Mozart’s C minor Mass Completed

Mozart
Thamos, King of Egypt – Incidental Music, K345 [selections]
Mass in C minor, K427 [reconstructed by Philip Wilby for the New Novello Choral Edition; London premiere]

Helen Meyerhoff (soprano)
Bernadette Lord (soprano)
Julian Stocker (tenor)
Giles Underwood (baritone)

London Concert Choir

Counterpoint
Mark Forkgen


Reviewed by: Douglas Cooksey

Reviewed: 10 July, 2006
Venue: Cadogan Hall, London

Last week saw the publication of a print of the only photograph of Constanze, Mozart’s widow (née Weber). Taken in 1840 when Constanze was 78, it was found recently in archives in the South German town of Altötting. (She is identified as sitting bottom-left.) By coincidence, a few days later brought the London premiere of a ‘completed’ version by the musicologist Peter Wilby of the Mass that Mozart vowed to his father he would write if he could marry Constanze. With Leopold’s reluctant approval the marriage took place in 1782 and the Mass was written, receiving its first performance in 1783 with Constanze singing the first-soprano part.

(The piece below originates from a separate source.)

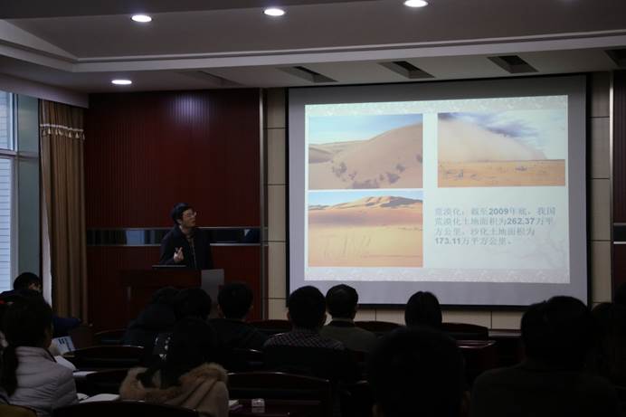 紧接着,陈兰洲为我们介绍了解决目前土壤退化采取新的手段——藻类修复退化土壤的技术,并向大家介绍其研究机理。他指出:土壤生物结皮发育过程主要是从蓝藻等微生物降落在土壤表面进行光合作用开始,逐渐分泌粘稠外鞘,粘结土壤颗粒,形成结皮,之后,真菌开始生长,从空气中捕获水分与种子,种子生长发育,进一步固化土壤。但是,由于生物结皮十分缓慢,所以,用机械将藻种施用于沙地表面形成人工生物结皮是现在防治土壤退化的一种新方式。

All the indications are that Mozart intended a full six-movement ‘concert’ Mass on a much grander scale than his previous ‘liturgical’ Masses for Salzburg, and including a concluding ‘Agnus Dei’. However, as it has come down to us (and as previously performed) the Mass incomplete. For example, besides the ‘missing’ ‘Agnus Dei’, the ‘Credo’ is incomplete, lacking the ‘Crucifixus’, ‘Et in Spiritum Sanctam’ and ‘Et unam Sanctam’, as well as parts for trumpets, trombones and timpani.

Philip Wilby’s solution is best described as ‘Mostly Mozart’. Two years after setting the Mass in C minor, Mozart composed an Oratorio, “Davidde Penitente”, taking all the material from K427. Wilby has reconstructed the missing sections, particularly the ‘Credo’, using this material, and has composed a new ‘Agnus Dei’ using material from the opening ‘Kyrie eleison’ topped off with the imposing fugue ‘Cum Spiritu Sanctu’ which originally ended the ‘Gloria’, now brought back as ‘Dona Nobis Pacem’.

In Wilby’s favour, the resulting work seldom sounds like anything other than Mozart – hardly surprising since for the most part his solution has been to plug the gaps with Mozart – and the addition of brass and timpani at the start of the ‘Credo’ certainly sounds absolutely right.

Less convincing is the final ‘Agnus Dei’. Musicologically I am sure Wilby is right to bring the work to a rousing conclusion using the ‘Cum Spiritu Sanctu’ fugue, or at least Mozart himself would probably have done something like this. However, musically – having staged a wonderful coup de théâtre at the start of the ‘new’ ‘Agnus Dei’ by bringing back the ‘Christe eleison’ music from the ‘Kyrie’ (but now scored for the choir) – Wilby might have done better to have quit whilst he was ahead and bring the work full-circle to a tranquil and cathartic conclusion with a ‘Dona Nobis Pacem’ which echoes the work’s most memorable passage (rather than a hard-working fugue).

The ‘completed’ work received a full-blooded performance from the London Concert Choir (with about 120 singers) – at its best in the great Handelian choruses and with sophisticated playing from Counterpoint, a really excellent ‘period’ orchestra drawn from young ‘authentic performance’ specialists. The soloists were adequate rather than inspired but unfortunately inspiration is mandatory, especially in the florid writing for the two soprano soloists where Mozart clearly intended to show off his new bride’s vocal abilities.

Mark Forkgen has a mercifully clear beat but does little more, a pity given the responsive choir at his disposal and an orchestra of this quality. However, the performance was more than good enough to give a clear idea of the strengths of Wilby’s solution.

The evening opened with four extracts – the first and final choruses plus two orchestral interludes – from Mozart’s incidental music for ‘Thamos’ written when he was only 17 and which seem, with hindsight, to preview the Masonic music he would later write for “The Magic Flute”.

Increasingly popular as a venue – and rewarded with a full house on this occasion – Cadogan Hall really comes into its own for choral music. Heard here, the combination of a period-instrument orchestra and a substantial choir with soloists registered perfectly.

Robert Levin’s ‘completion’ of the C minor Mass is at the Proms on 8 September.